- **Aim of the exercise**:
Your answer must be the records below repeated word for word, with no pictures in it.

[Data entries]
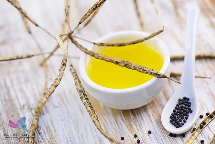 菜籽油,由油菜籽压榨而成,呈深黄色,具有较辣的气味,且粘度高,不饱和脂肪酸含量一般(油酸15.98%,亚油酸11.88%,亚麻酸8.23%),富含维生素E、胡萝卜素、磷脂等,具有一定软化血管、延缓衰老的作用,但菜籽油中介酸(46.97%)和介子苷含量较多,导致其营养价值不如花生油、大豆油、玉米油等。
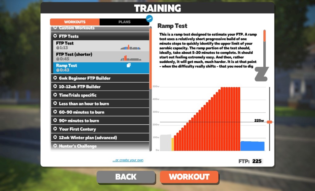 ZWIFT has a number of build in FTP tests, basically two tests of differing duration and a RAMP test. I decided I wasn’t ready as yet for the more traditional FTP and went for the RAMP feeling it would be gentler on my still painful joints. It was a good choice as I’ll recover quicker and will be commuting tomorrow in the morning.
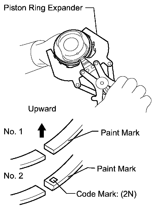 NOTICE: Install the compression ring No. 2 with the code mark (2N) facing upward.
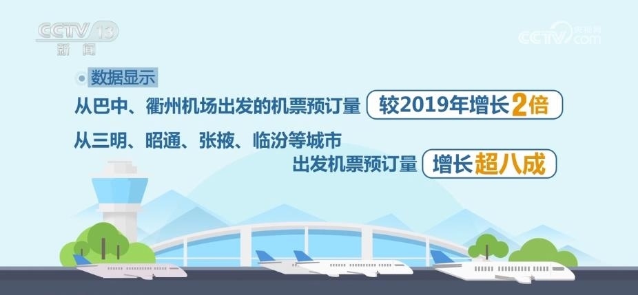 2023年暑運(yùn)期間,三四線航空市場(chǎng)開(kāi)始顯現(xiàn)出熱度。數(shù)據(jù)顯示,從巴中、衢州機(jī)場(chǎng)出發(fā)的機(jī)票預(yù)訂量較2019年增長(zhǎng)兩倍。從三明、昭通、張掖、臨汾等城市出發(fā)機(jī)票預(yù)訂量增長(zhǎng)超八成。
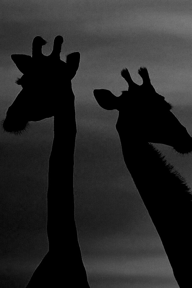«Три силуэта жирафов на фоне неба»
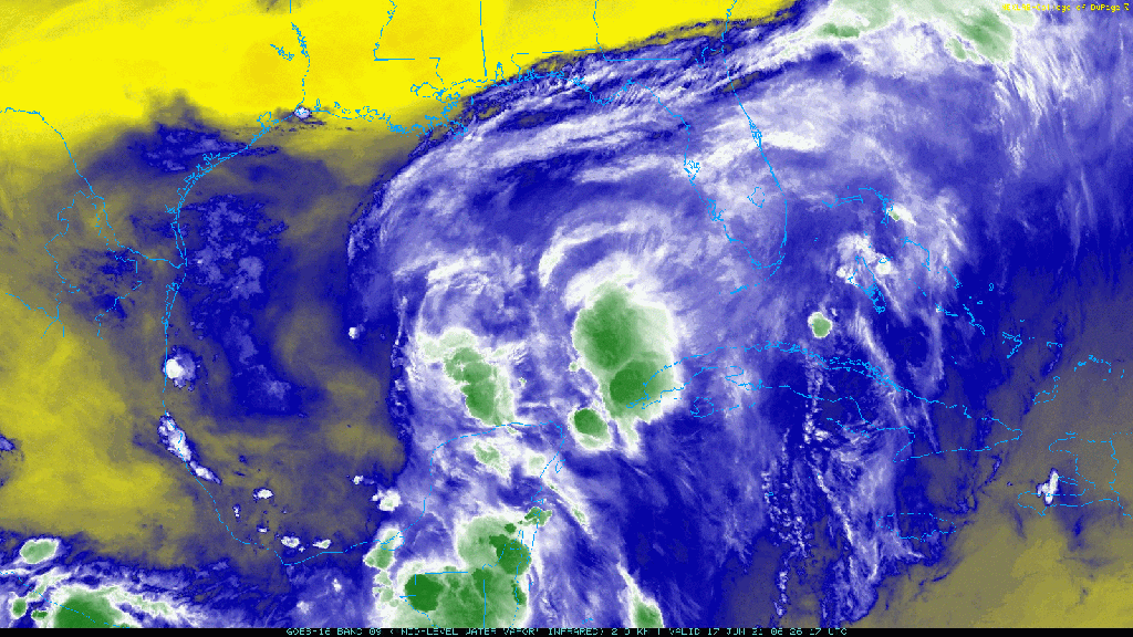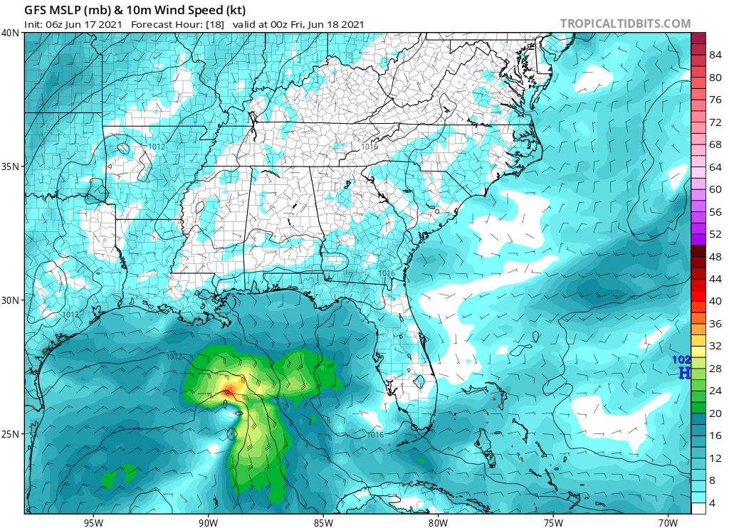 In this GFS forecast frame valid this evening at 7 PM CDT, you can see 92L’s tight circulation emerging south of New Orleans and northeast of the broader low/trough over the Bay of Campeche. Given the prevailing easterly flow in this area, it will take some effort for 92L to produce ground-relative westerly winds in order to close off its center of circulation, but with enough deep convection it could certainly get the job done.
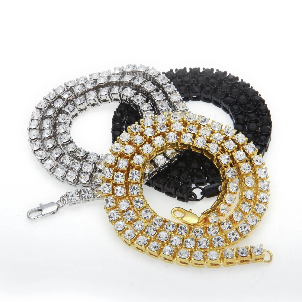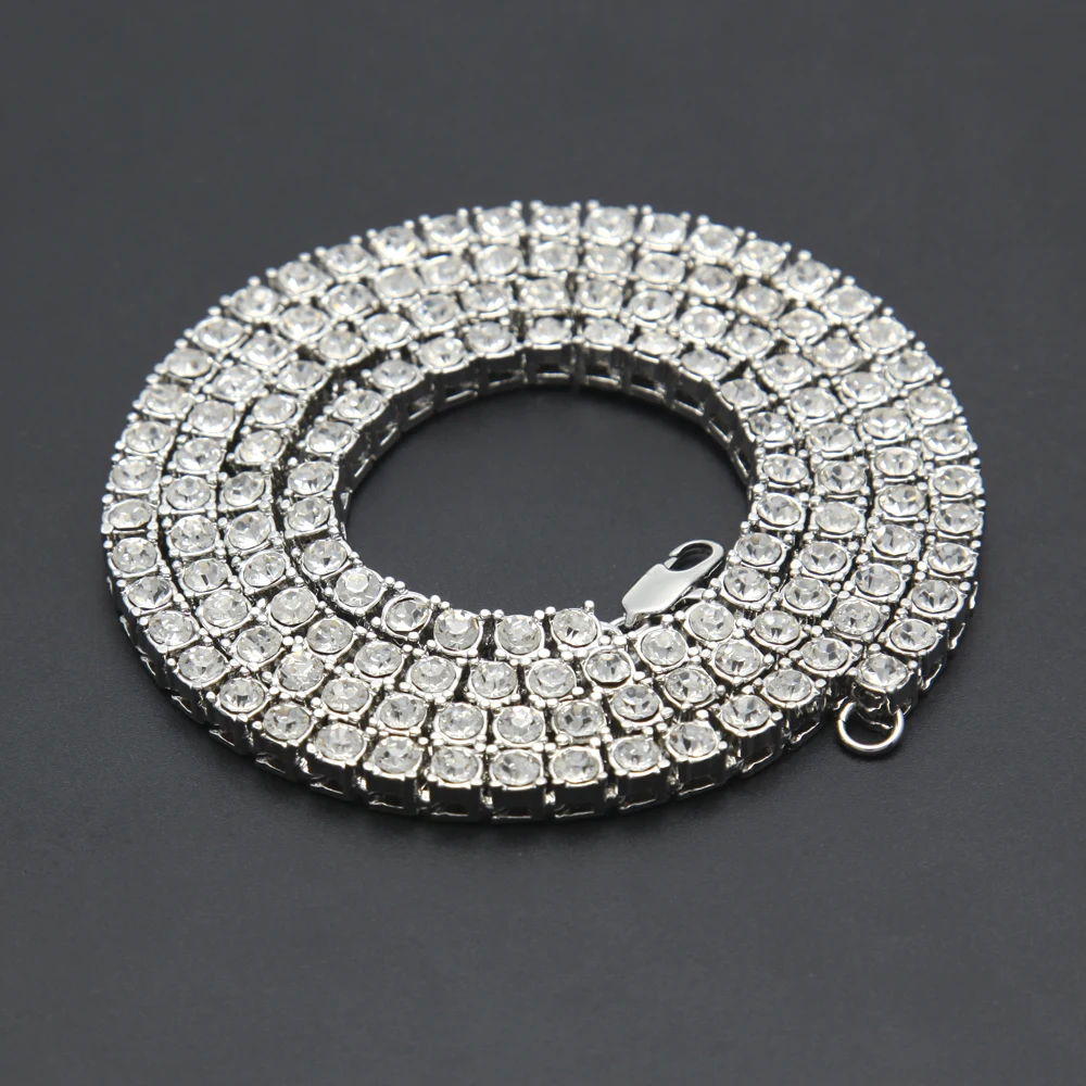 New Uwin Men's Hip Hop Bling Bling Iced Out Tennis Chains 1 Row Necklaces Luxury Brand Silver/Gold Colo
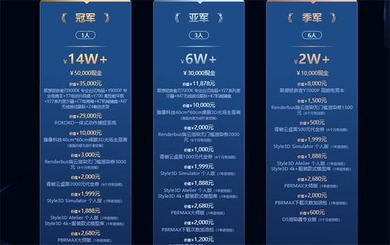 此次赛事奖品对比第二届再次升级,总共包含 130w+奖品,冠军、亚军、季军分别可以获得:14W+、6W+、2W+的奖励,奖品有现金、电脑、辅助软件等奖励,只要你有足够的创造力、想象力,即可有机会获得这些奖品。
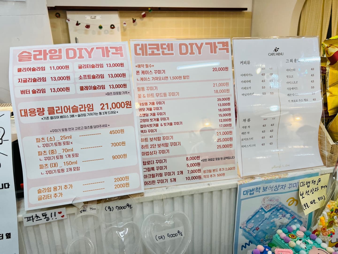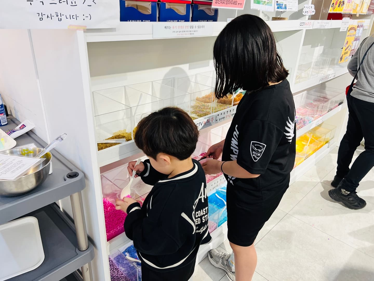 - 아이들이 직접 테스트 슬라임을 만져보고 원하는 슬라임 하나씩 고르고 어른은 입장료 대신 음료를 한잔 시키면 된다고 해서 아아를 시켰습니다.
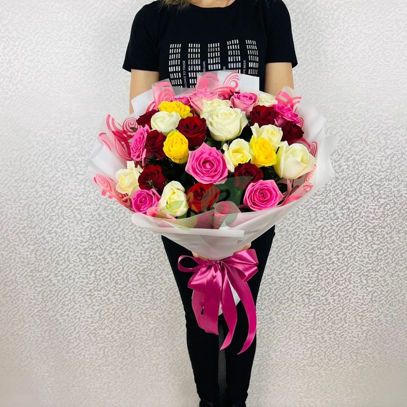 Разноцветный микс из роз – это только свежие живые цветы в классической композиции от 15 до 45 штук или в огромных букетах от 51 до 101 розы.
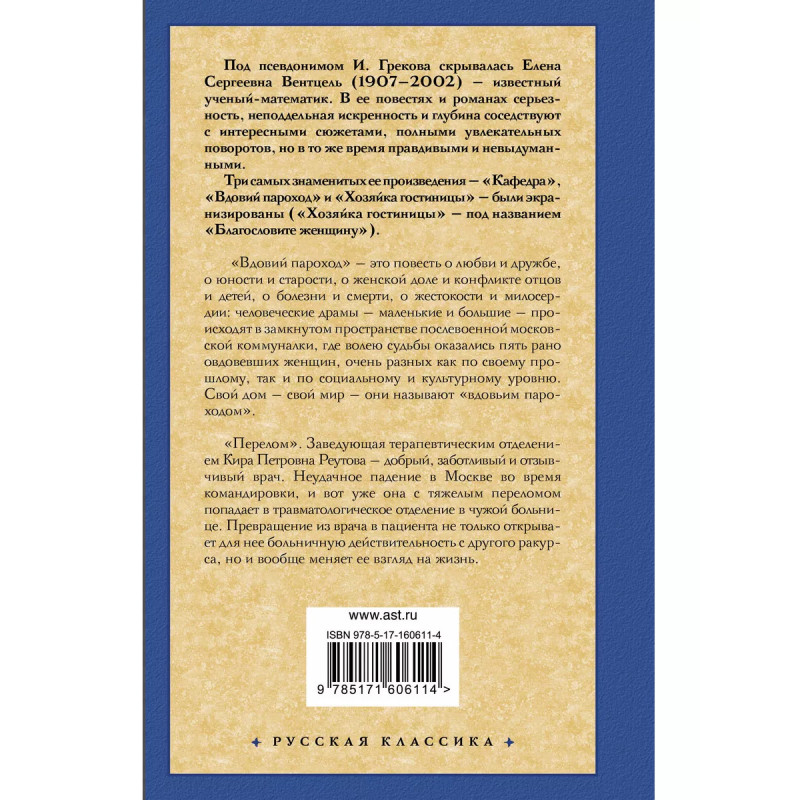 Вдовий пароход. Перелом. "Вдовий пароход" - это повесть о любви и дружбе, о юности и старости, о женской доле и конфликте отцов и детей, о болезни и смерти, о жестокости и милосердии: человеческие драмы - маленькие и большие - происходят в замкнутом пространстве послевоенной московской коммуналки, где волею судьбы оказались пять рано овдовевших женщин, очень разных как по своему прошлому, так и по социальному и культурному уровню. Свой дом - свой мир - они называют "вдовьим пароходом". "Перелом". Заведующая терапевтическим отделением Кира Петровна Реутова - добрый, заботливый и отзывчивый врач. Неудачное падение в Москве во время командировки, и вот уже она с тяжелым переломом попадает в травматологическое отделение в чужой больнице. Превращение из врача в пациента не только открывает для нее больничную действительность с другого ракурса, но и вообще меняет ее взгляд на жизнь.
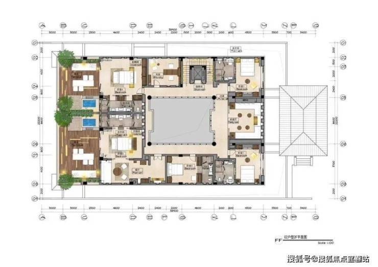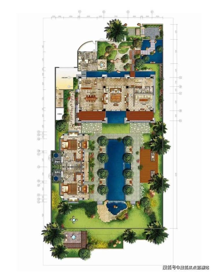 庭院西部双卧室对称而立,配套卫生间与室外淋浴间,尽赏超大泳池景观,起居室与餐厅、家庭室浑然一体,共赏中心庭院水木清华,四季芳菲愉悦身心。设保姆间、洗衣间、卫生间与中式厨房,主仆区域分明,大家风范可见一斑。
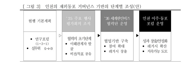 연구는 이를 위한 구체적 실행 방안으로, 2025년 인천에서 개최된 세계한인차세대대회(5.27~30) 및 세계한인경제인대회에 대한 평가를 통해 민・관・산・학 협력 기반을 조성하고, 평가회의 성과를 바탕으로 2026년 대회 지원을 위한‘민관산학협력단’을 운영할 것을 제안했다. 또한, 대회 이후에는 이 협력단을‘인천 이주・동포 포럼’으로 전환하여 인천시 재외동포 시정을 지속적으로 뒷받침하는 거버넌스 기반으로 제도화해 나갈 필요가 있다고 밝혔다.
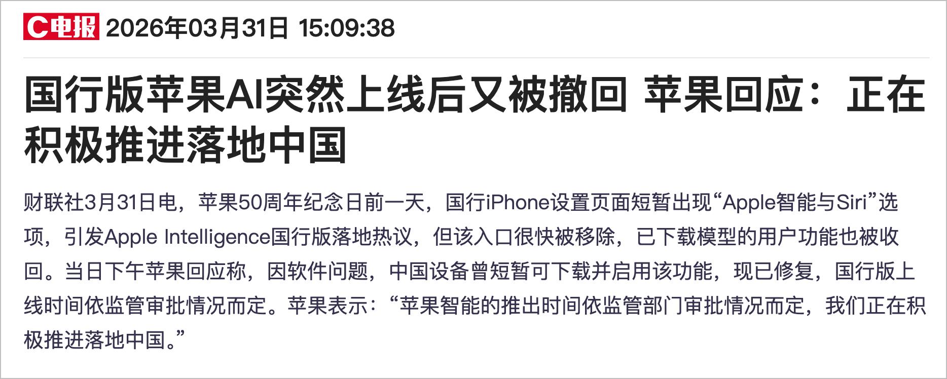 而据财联社下午的报道称,当日下午苹果回应称,因软件问题,中国设备曾短暂可下载并启用该功能,现已修复,国行版上线时间依监管审批情况而定。苹果表示:“苹果智能的推出时间依监管部门审批情况而定,我们正在积极推进落地中国。”
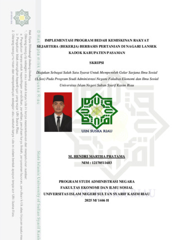 ABSTRAK IMPLEMENTASI PROGRAM BEDAH KEMISKINAN RAKYAT SEJAHTERA (BEKERJA) BERBASIS PERTANIAN DI NAGARI LANSEK KADOK KABUPATEN PASAMAN Oleh: M. HENDRI MARTHA PRATAMA NIM : 12170511683 Penelitian ini dilatar belakangi oleh ketidakmampuan keluarga memenuhi kebutuhan pangan yang menjadi kebutuhan paling mendasar, menjadi kendala bagi upaya untuk melepas diri dari belenggu kemiskinan, dikarenakan belum optimalnya pendistribusian bantuan terhadap masyarakat, kurangnya sosialisai kepada masyarakat tentang program Bekerja, kurangnya pengawasan terhadap berjalannya program, serta kurangnya partisipasi dan kesadaran masyarakat terhadap program Bekerja. Penelitian ini bertujuan untuk: (1) Mendeskripsikan Implementasi Program Bekerja dalam Menjamin Ketahanan Pangan Masyarakat di Nagari Lansek Kadok Kabupaten Pasaman. (2) Mengidentifikasi faktor-faktor yang mempengaruhi Implementasi Program Bekerja dalam Menjamin Ketahanan Pangan Masyarakat di Nagari Lansek Kadok Kabupaten Pasaman. (3) Mengidentifikasi solusi yang dilakukan untuk mengatasi kendala dalam Implementasi Program Bekerja dalam Menjamin Ketahanan Pangan Masyarakat di Nagari Lansek Kadok Kabupaten Pasaman. Penelitian ini menggunakan metode kualitatif yang bersifat deskriptif. Lokasi penelitian dilakukan di Nagari Lansek Kadok Kabupaten Pasaman. Informan penelitian ditentukan secara Purposive Sampling. Data penelitian ini didapatkan dari observasi, wawancara, dan studi dokumentasi. Hasil penelitian ini menunjukkan bahwa Implementasi Kebijakan Program Bedah Kemiskinan Rakyat Sejahtera (Bekerja) berbasis pertanian belum bisa dikatakan terlaksana dengan baik, karena masih terjadi ketidakmerataan pendistribusian bantuan dan masih ada masyarakat yang belum mengetahui tentang program Bedah Kemiskinan Rakyat Sejahtera (Bekerja) dalam menjamin ketahanan pangan masyarakat di Nagari Lansek Kadok Kabupaten Pasaman. Kata Kunci: Implementasi kebijakan, Program, Bedah Kemiskinan Rakyat Sejahtera (Bekerja), Nagari Lansek Kadok.
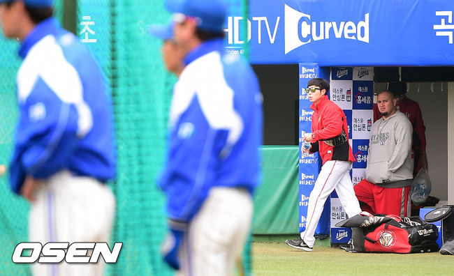 12일 오후 대구구장에서 열린 '2014 한국야쿠르트 세븐 프로야구' 삼성 라이온스와 SK 와이번스의 경기에 앞서 SK 선발투수 레이예스가 삼성 선수들의 훈련을 지켜보고 있다.
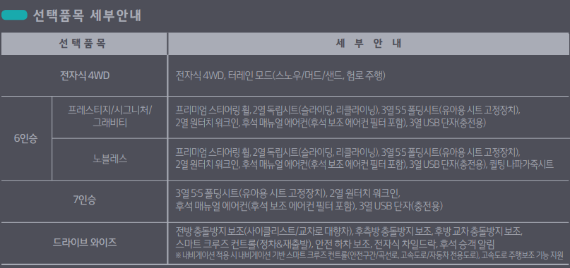 다음은 선택품목에 대한 세부안내 입니다. 6인승과 7인승으로 선택이 가능 합니다. 패밀카로 생각하시는 분들에게 추천 드리며, 안전성에 비중을 두고 계신 분들은 기본 트림에 드라이브와이즈를 추천 드립니다. 전방충돌방지, 스마트 크루즈 컨트롤 등 안전성을 위한 기능은 운전자의 안정성을 향상시키는 기능 입니다.

- **Completed exercise**:
 菜籽油,由油菜籽压榨而成,呈深黄色,具有较辣的气味,且粘度高,不饱和脂肪酸含量一般(油酸15.98%,亚油酸11.88%,亚麻酸8.23%),富含维生素E、胡萝卜素、磷脂等,具有一定软化血管、延缓衰老的作用,但菜籽油中介酸(46.97%)和介子苷含量较多,导致其营养价值不如花生油、大豆油、玉米油等。
 ZWIFT has a number of build in FTP tests, basically two tests of differing duration and a RAMP test. I decided I wasn’t ready as yet for the more traditional FTP and went for the RAMP feeling it would be gentler on my still painful joints. It was a good choice as I’ll recover quicker and will be commuting tomorrow in the morning.
 NOTICE: Install the compression ring No. 2 with the code mark (2N) facing upward.
 2023年暑運(yùn)期間,三四線航空市場(chǎng)開(kāi)始顯現(xiàn)出熱度。數(shù)據(jù)顯示,從巴中、衢州機(jī)場(chǎng)出發(fā)的機(jī)票預(yù)訂量較2019年增長(zhǎng)兩倍。從三明、昭通、張掖、臨汾等城市出發(fā)機(jī)票預(yù)訂量增長(zhǎng)超八成。
«Три силуэта жирафов на фоне неба»
 In this GFS forecast frame valid this evening at 7 PM CDT, you can see 92L’s tight circulation emerging south of New Orleans and northeast of the broader low/trough over the Bay of Campeche. Given the prevailing easterly flow in this area, it will take some effort for 92L to produce ground-relative westerly winds in order to close off its center of circulation, but with enough deep convection it could certainly get the job done.
 New Uwin Men's Hip Hop Bling Bling Iced Out Tennis Chains 1 Row Necklaces Luxury Brand Silver/Gold Colo
 此次赛事奖品对比第二届再次升级,总共包含 130w+奖品,冠军、亚军、季军分别可以获得:14W+、6W+、2W+的奖励,奖品有现金、电脑、辅助软件等奖励,只要你有足够的创造力、想象力,即可有机会获得这些奖品。
 - 아이들이 직접 테스트 슬라임을 만져보고 원하는 슬라임 하나씩 고르고 어른은 입장료 대신 음료를 한잔 시키면 된다고 해서 아아를 시켰습니다.
 Разноцветный микс из роз – это только свежие живые цветы в классической композиции от 15 до 45 штук или в огромных букетах от 51 до 101 розы.
 Вдовий пароход. Перелом. "Вдовий пароход" - это повесть о любви и дружбе, о юности и старости, о женской доле и конфликте отцов и детей, о болезни и смерти, о жестокости и милосердии: человеческие драмы - маленькие и большие - происходят в замкнутом пространстве послевоенной московской коммуналки, где волею судьбы оказались пять рано овдовевших женщин, очень разных как по своему прошлому, так и по социальному и культурному уровню. Свой дом - свой мир - они называют "вдовьим пароходом". "Перелом". Заведующая терапевтическим отделением Кира Петровна Реутова - добрый, заботливый и отзывчивый врач. Неудачное падение в Москве во время командировки, и вот уже она с тяжелым переломом попадает в травматологическое отделение в чужой больнице. Превращение из врача в пациента не только открывает для нее больничную действительность с другого ракурса, но и вообще меняет ее взгляд на жизнь.
 庭院西部双卧室对称而立,配套卫生间与室外淋浴间,尽赏超大泳池景观,起居室与餐厅、家庭室浑然一体,共赏中心庭院水木清华,四季芳菲愉悦身心。设保姆间、洗衣间、卫生间与中式厨房,主仆区域分明,大家风范可见一斑。
 연구는 이를 위한 구체적 실행 방안으로, 2025년 인천에서 개최된 세계한인차세대대회(5.27~30) 및 세계한인경제인대회에 대한 평가를 통해 민・관・산・학 협력 기반을 조성하고, 평가회의 성과를 바탕으로 2026년 대회 지원을 위한‘민관산학협력단’을 운영할 것을 제안했다. 또한, 대회 이후에는 이 협력단을‘인천 이주・동포 포럼’으로 전환하여 인천시 재외동포 시정을 지속적으로 뒷받침하는 거버넌스 기반으로 제도화해 나갈 필요가 있다고 밝혔다.
 而据财联社下午的报道称,当日下午苹果回应称,因软件问题,中国设备曾短暂可下载并启用该功能,现已修复,国行版上线时间依监管审批情况而定。苹果表示:“苹果智能的推出时间依监管部门审批情况而定,我们正在积极推进落地中国。”
 ABSTRAK IMPLEMENTASI PROGRAM BEDAH KEMISKINAN RAKYAT SEJAHTERA (BEKERJA) BERBASIS PERTANIAN DI NAGARI LANSEK KADOK KABUPATEN PASAMAN Oleh: M. HENDRI MARTHA PRATAMA NIM : 12170511683 Penelitian ini dilatar belakangi oleh ketidakmampuan keluarga memenuhi kebutuhan pangan yang menjadi kebutuhan paling mendasar, menjadi kendala bagi upaya untuk melepas diri dari belenggu kemiskinan, dikarenakan belum optimalnya pendistribusian bantuan terhadap masyarakat, kurangnya sosialisai kepada masyarakat tentang program Bekerja, kurangnya pengawasan terhadap berjalannya program, serta kurangnya partisipasi dan kesadaran masyarakat terhadap program Bekerja. Penelitian ini bertujuan untuk: (1) Mendeskripsikan Implementasi Program Bekerja dalam Menjamin Ketahanan Pangan Masyarakat di Nagari Lansek Kadok Kabupaten Pasaman. (2) Mengidentifikasi faktor-faktor yang mempengaruhi Implementasi Program Bekerja dalam Menjamin Ketahanan Pangan Masyarakat di Nagari Lansek Kadok Kabupaten Pasaman. (3) Mengidentifikasi solusi yang dilakukan untuk mengatasi kendala dalam Implementasi Program Bekerja dalam Menjamin Ketahanan Pangan Masyarakat di Nagari Lansek Kadok Kabupaten Pasaman. Penelitian ini menggunakan metode kualitatif yang bersifat deskriptif. Lokasi penelitian dilakukan di Nagari Lansek Kadok Kabupaten Pasaman. Informan penelitian ditentukan secara Purposive Sampling. Data penelitian ini didapatkan dari observasi, wawancara, dan studi dokumentasi. Hasil penelitian ini menunjukkan bahwa Implementasi Kebijakan Program Bedah Kemiskinan Rakyat Sejahtera (Bekerja) berbasis pertanian belum bisa dikatakan terlaksana dengan baik, karena masih terjadi ketidakmerataan pendistribusian bantuan dan masih ada masyarakat yang belum mengetahui tentang program Bedah Kemiskinan Rakyat Sejahtera (Bekerja) dalam menjamin ketahanan pangan masyarakat di Nagari Lansek Kadok Kabupaten Pasaman. Kata Kunci: Implementasi kebijakan, Program, Bedah Kemiskinan Rakyat Sejahtera (Bekerja), Nagari Lansek Kadok.
 12일 오후 대구구장에서 열린 '2014 한국야쿠르트 세븐 프로야구' 삼성 라이온스와 SK 와이번스의 경기에 앞서 SK 선발투수 레이예스가 삼성 선수들의 훈련을 지켜보고 있다.
 다음은 선택품목에 대한 세부안내 입니다. 6인승과 7인승으로 선택이 가능 합니다. 패밀카로 생각하시는 분들에게 추천 드리며, 안전성에 비중을 두고 계신 분들은 기본 트림에 드라이브와이즈를 추천 드립니다. 전방충돌방지, 스마트 크루즈 컨트롤 등 안전성을 위한 기능은 운전자의 안정성을 향상시키는 기능 입니다.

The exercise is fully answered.